Pains percolate to profitability
* Q1FY18 performance was better on revenue front, driven by strong volume growth of 3.5% qoq. The growth in focus geographies was encouraging across verticals with a cautiously optimistic approach towards Insurance and Retail.
* TCS is gaining significantly on competencies across Digital service offerings, leading to a sustained deal win traction, improved deal win ratios, and gain in deal sizes & complexity. Digital grew 7.6% qoq in CC terms and accounted for over 50% of incremental revenues.
* Focus shifted to profitability given the declining operating leverage, appreciating INR and compulsive commitments towards onsite hiring, digital skill training and sales with contextual expertise.
* We cut our FY18/19E EPS by 3%/4% to factor in lower profitability in our estimates. We continue to prefer players with growth acceleration such as Mphasis, Mindtree and L&T Infotech.

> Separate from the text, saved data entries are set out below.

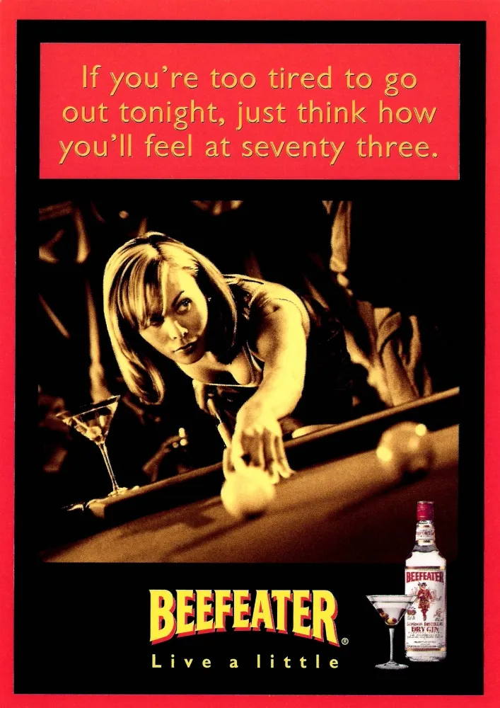 This postcard shows a nightclub scene with a woman learning how to play pool, reaching toward a cue ball. The photograph has nice sepia tones. The phrase: "If you’re too tired to go out tonight, just think how you’ll feel at seventy three". Beefeater branding is at the bottom along with the tagline: "Live a little". This postcard reflects 1990s advertising trends that associated spirits with nightlife environments, which is still common to this day.
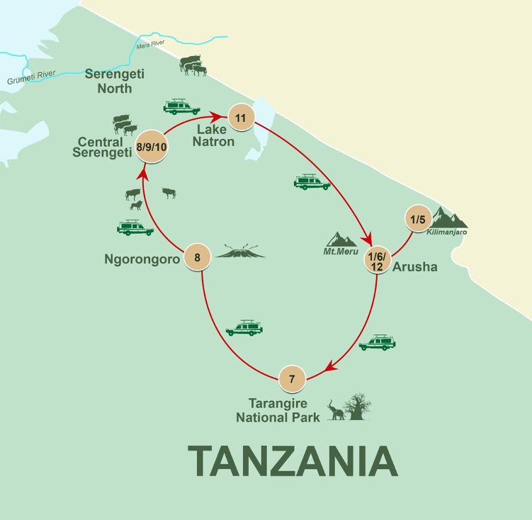 This 12-night Tanzania itinerary combines adventure, scenery, and wildlife for an extraordinary experience. Begin your ascent of Mount Kilimanjaro via the Marangu Route, trekking through lush rainforest, alpine meadows, and glacial landscapes before reaching the summit of Uhuru Peak—the highest point in Africa. After your descent, transition into a luxury safari across Tarangire’s elephant-filled plains, the breathtaking Ngorongoro Crater, and the predator-rich Central Serengeti, known for its lions, cheetahs, and vast herds. Continue to the striking landscapes of Lake Natron, where flamingos gather along mineral-rich shores beneath volcanic peaks. With each leg offering a new perspective, this itinerary blends physical achievement with authentic wilderness exploration and cultural depth. Ideal for active travellers seeking a seamless balance of adventure, comfort, and the unforgettable natural beauty that defines Tanzania’s most iconic destinations.
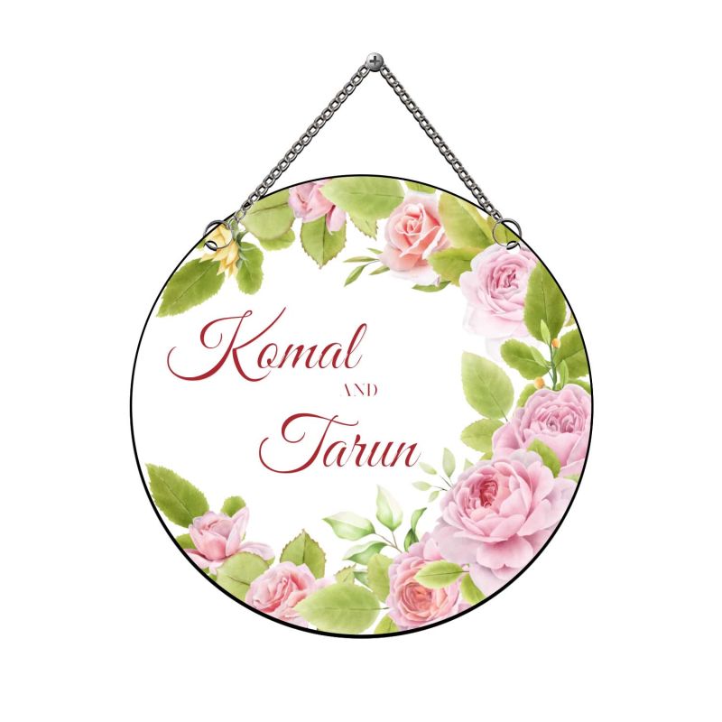 Personalized Rose Theme Couple Name Wall Hanging For Home Entrance Door Name Plate Hanging Birthday, Anniversary Gift For Couples Decorative Wall Art For Bedroom
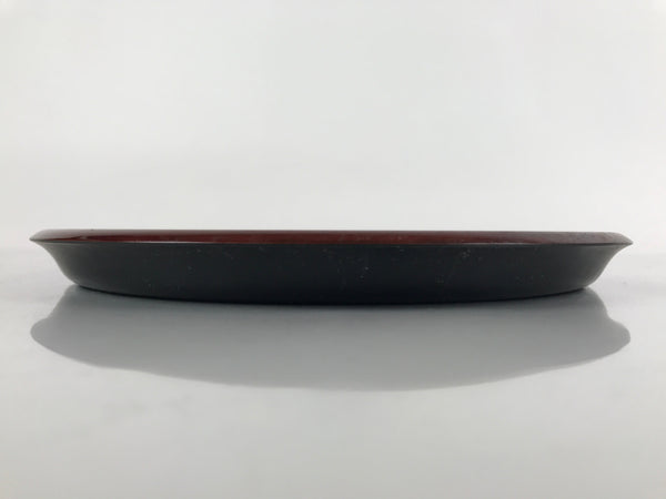 A rich chocolatey brown, this vintage lacquer replica Japanese serving tray made of resin plastic is small and round with slightly raised sides so drinks cannot easily slide off. The back side is plain black with gold kanji writing that says the tray was a congratulatory gift and includes the names of the couple.
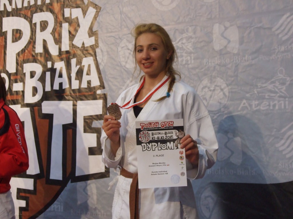 W kategorii juniorek -50 kg Kamila Wawrzyczek, oraz Monika Wojtas w kategorii seniorek + 60 kg, trochę szczęścia zabrakło Marcinowi Biegunowi, który debiutując w kategorii junior nie dostał się do strefy medalowej. Szkoleniowca z Arawashi cieszy medalowy powrót Kamili Wawrzyczek, która po rocznej przerwie powróciła do rywalizacji i zrobiła to na medal. W sukcesie zawodniczek niezwykle pomocnym jest systematyczne branie udziału w zajęciach wspomagających kształtowanie ducha waleczności, organizowanych przy wsparciu Moniki Wojtas, która będąc studentką psychologii i coachingu wdraża pewne elementy treningu mentalnego propagowanych w kierunkach, w których się uczy i wdraża te nowatorskie metody w zajęciach klubowych, nowinki te polepszają proces szkoleniowy w oparciu o najwyższe standardy obecnie propagowane. Szkolenia specjalistyczne przygotowują zdecydowanie lepiej zawodników w przełamywaniu emocjonalnych napięć przedstartowych – strachu, a zajęcia profilaktyczne z elementami terapii relaksacyjnej niwelującymi napięcia psychiczne związane z trudnymi sytuacjami w trakcie samej rywalizacji w karate, w której lęk nierzadko „paraliżuje” - bądź sprawia, że zawodnik ma w głowie „pustkę” w podjęciu decyzji, wykonania stosownej techniki sportowej, podkreśla szkoleniowiec Arawashi Bogusław Hutman - Wilczek. Jest to dla mnie ekstra nagroda od zawodniczek z okazji DNIA NAUCZYCIELA, podkreśla szkoleniowiec. W najbliższą sobotę kadra klubu wyjeżdża na Słowację na Orawski Turniej Karate.
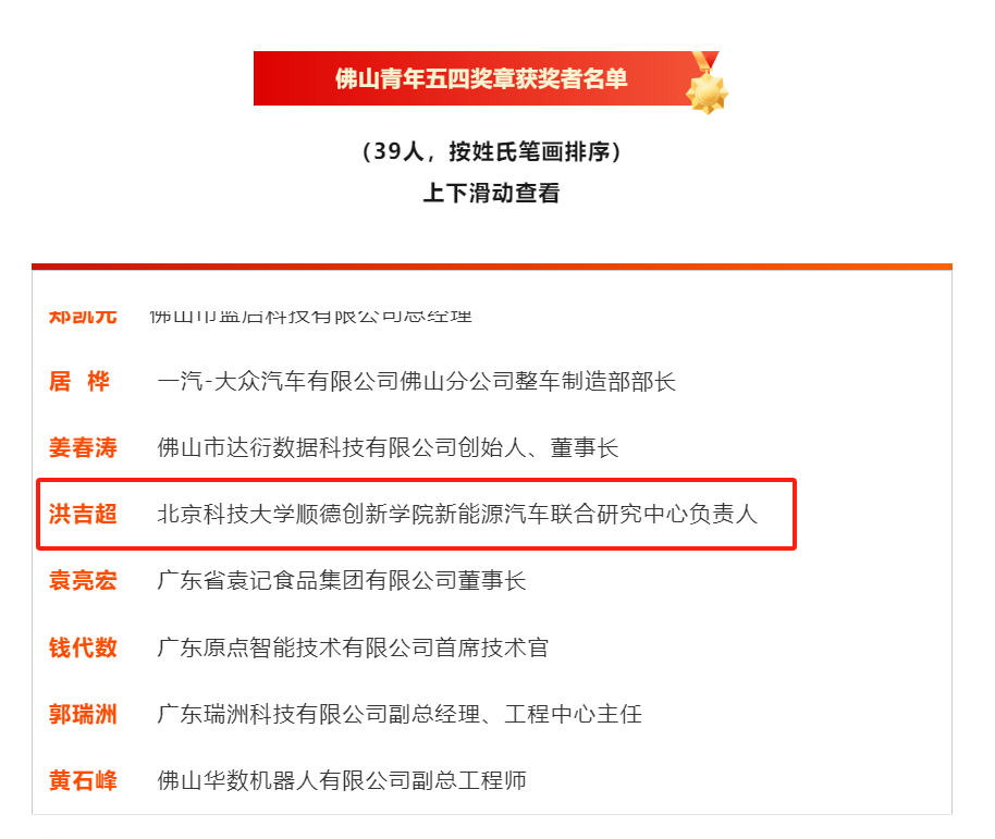 近日,经中共佛山市委批复,团市委、市青联开展了佛山青年五四奖章评比工作,共选出佛山“青年五四奖章”39人。ku真人 新能源汽车联合研究中心负责人洪吉超老师获此殊荣。
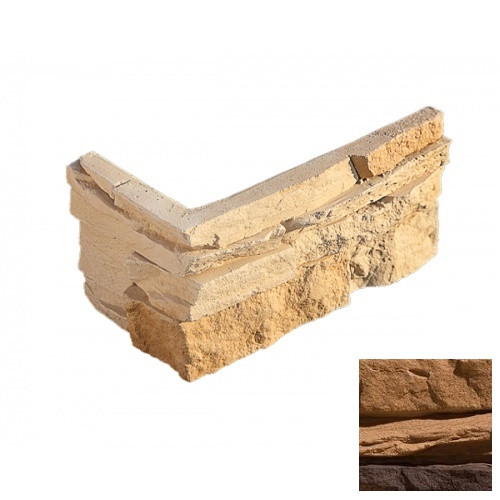 Угловая плитка Верона 885 представляет собой единый элемент формата 200х100х100 мм разнооттеночного коричневого цвета. Полностью соответствует рядовой плитке Верона 885.
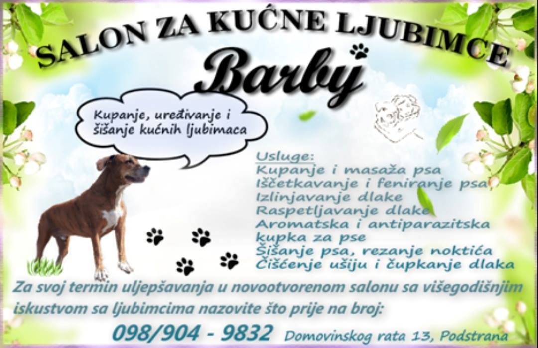Prošle jeseni otvoren je lijepi i moderni Salon za kućne ljubimce Barby u Strožancu (Podstrana). Salon se nalazi svega stotinjak metara od magistrale na adresi Domovinskog rata 13.

Profitability marred by lingering transitional woes
TCS has delivered a strong topline performance with 3.5% qoq volume growth, driven by sustained traction in the Digital service offerings. The management remains confident about improving competitiveness and capabilities of the company in the Digital business, and in general positive on traditional offerings in the focus markets/service lines. Despite strong volume growth, earnings declined by over 10% qoq on account of weaker currency realisations impacting revenues by 330bps and OPM by 80bps. Profitability was further affected by ~150bps owing to wage hikes (2-5% onsite and 5-8% for offshore workforce). We believe that the pain of deceleration in the legacy business, high-pricing-but-onsite-centric nature of Digital business, committed investments towards sales, skill and onsite hiring would percolate down to core profitability that has long been confined in a narrow band. To make things worse, the INR appreciation may also act as a headwind in FY18.
Cut FY18/19E EPS by 3/4% each; downgrade to Reduce TP Rs2,320
We cut our FY18/19E EPS estimates by 3%/4% to Rs136/145, as we incorporate lower INR realisations and also likely impact on profitability in our estimates (OPM cut of 50bps in FY18E). The outlook on the business growth has been largely kept intact in light of strong growth in Digital business and improved business metrics on the segment - size, scale, and competitiveness. Taking into account the risk to growth estimates and likely impact on profitability, we downgrade our rating on TCS to REDUCE with a TP of Rs2,320 based on 16x Mar’19E P/E (implied valuation of over 2x on PEG basis over FY17-20E).